Je hausse les épaules en riant.

— C'est vrai qu'il a pas vraiment dit ça.

Un soupir lui échappe et, au travers de ce son habituellement las, je décèle un certain amusement.

Il faut que j'essaye de faire en sorte que la situation, jusqu'à mon départ soit la plus agréable possible pour tout le monde. Nous braquer les uns contre les autres, ruminer ne servira à rien et surtout, ne changera pas la sentence finale.

— Tu sais déjà quand... ?

— Non. Ma génitrice n'est pas assez bonne au point de me donner des détails.

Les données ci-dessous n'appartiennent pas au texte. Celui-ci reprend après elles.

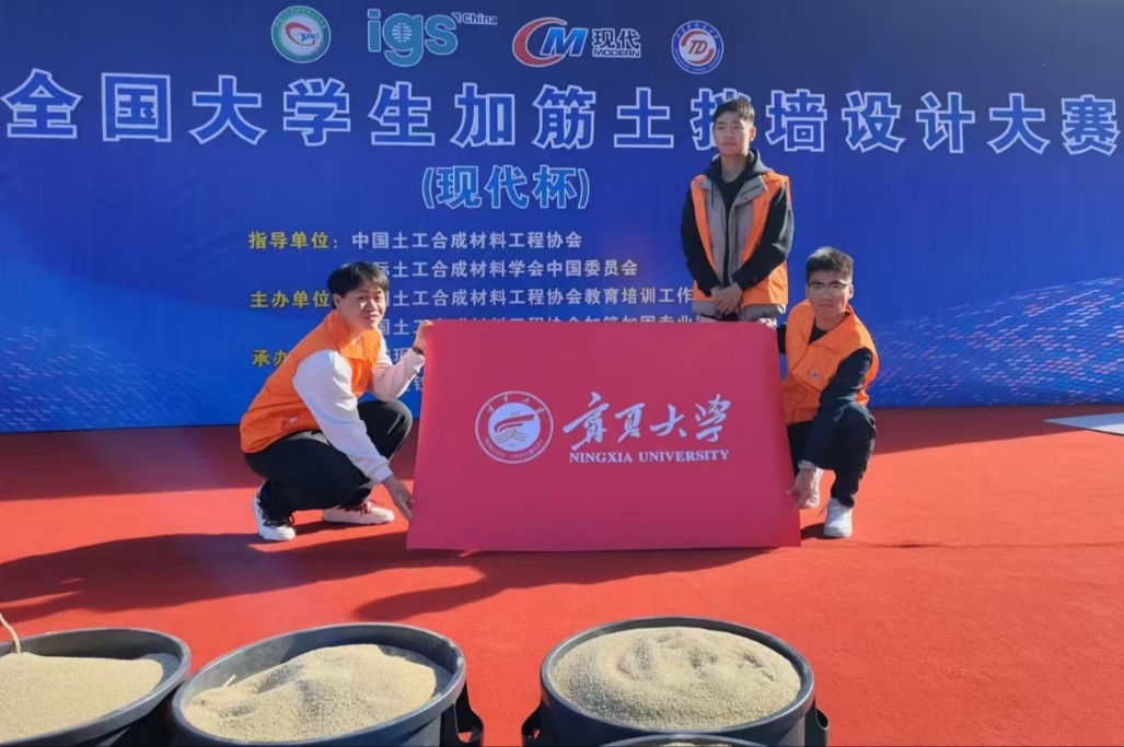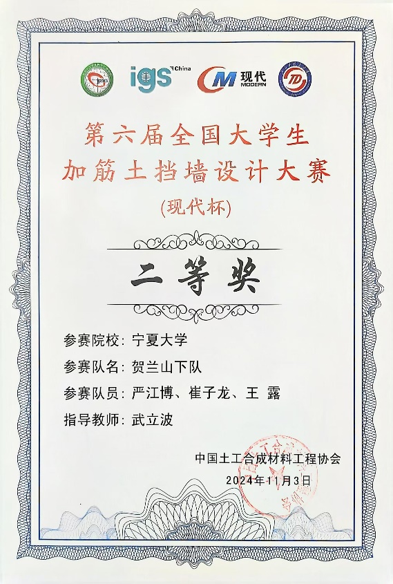 【beat365唯一官方网站新闻中心讯 土木与水利工程学院】11月1日至4日,由中国土工合成材料工程协会教育工作委员会主办的第六届全国大学生加筋土挡墙设计大赛现场决赛在石家庄举行。本次比赛主要邀请入选土木工程国家一流专业以及通过住建部土木工程专业评估(认证)的43所高校共100支队伍参赛。beat365官网由土木与水利工程学院武立波老师指导,严江博、崔子龙、王露组成的“贺兰山下”队经过激烈的初赛和复赛,最终荣获本届大赛二等奖(总排名第四,位列二等奖第一)。

Il hoche la tête contre moi, cherche mes lèvre, s'y attarde un instant avant de jeter un regard par-dessus mon épaule.

— Qu'est-ce que...

Je vois ses sourcils se froncer, alors que des pas résonnent derrière nous. Dans le silence de la nuit noire et profonde, c'est bientôt le choc de sentir un corps s'échouer contre moi qui m'ébranle.

— Vous...

— Tu croyais sincèrement que vous étiez les seuls à connaître le chemin jusqu'ici ?

Mikky défie son frère du regard, tandis que Danny, plus à la traîne, arrive en trottinant. Enroulé dans une couverture qu'il a nouée à la façon d'une serviette autour de son torse, il s'assoit près de Damian, pose sa tête sur son épaule, inspire à pleins poumons.

— C'était son idée, murmure t-il en désignant Mikky du menton.

— T'es qu'une sale balance Daniel !

— Et toi un idiot ! Je suis sûr que t'as réveillé Raf en te tapant le pied dans le meuble télé. Je te jure des fois je me dis que j'aurais dû t'étrangler avec ton cordon ombilical dans le ventre de maman.

Mikky se couvre la bouche de la main, faussement outré, fait un doigt d'honneur à son frère qui visiblement trop fatigué pour répliquer, se cale un peu plus confortablement contre Damian.

— Sam tu veux des gosses ? me lance distraitement mon petit ami, le regard perdu dans la vide.

— Pourquoi ?

Il balaye ses frères d'un œil las, hausse les épaules.

— Juste pour savoir.

— Tu sais, on a élaboré un plan avec Mikky, chuchote Danny. L'autre jour, on a été acheté des clopes à Roman donc il nous en doit une. Du coup, on avait pensé faire enlever ta ère par Roman et ses potes, pour de faux tu vois mais... qu'ils l'intimident un peu, et hop.

Damian rit enfin, se moque ouvertement du plan de ses frères pour me garder près d'eux. Et j'avoue que j'ai moi-même envie de rire, face au sérieux des propos de Danny et à la concentration évidente qu'ils ont mis dans l'élaboration de ce plan.

— Elle a déjà vu Roman, il l'a traitée de vieille salope, ricane Damian. Et puis, entre acheter un paquet de clope en douce et enlever une personne, c'est quand même pas la même chose.

— On a aussi Théo au collège qui...

— Théo, le cinquième qui est couvert d'acné ?

— Oui.

— Et tu crois sincèrement qu'elle va avoir peur d'un gamin de un mètre trente plein de boutons ?

Les jumeaux se murent dans le silence, après avoir pesté contre leur aîné dans un espagnol trop rapide pour que je puisse comprendre. Cependant, à en croire la réplique cinglante de Damian, les mots échangés ne devaient sûrement pas relevé de l'amour fraternel et du bonheur d'être ensembles.

— Comme l'a dit Sam, c'est une bataille qu'on a perdu, tranche Damian.

Puis, il se tourne vers moi, assez proche pour que son souffle bouillant ne me donne la chair de poule.

— La guerre la vraie, elle y est pas préparée cette pourriture.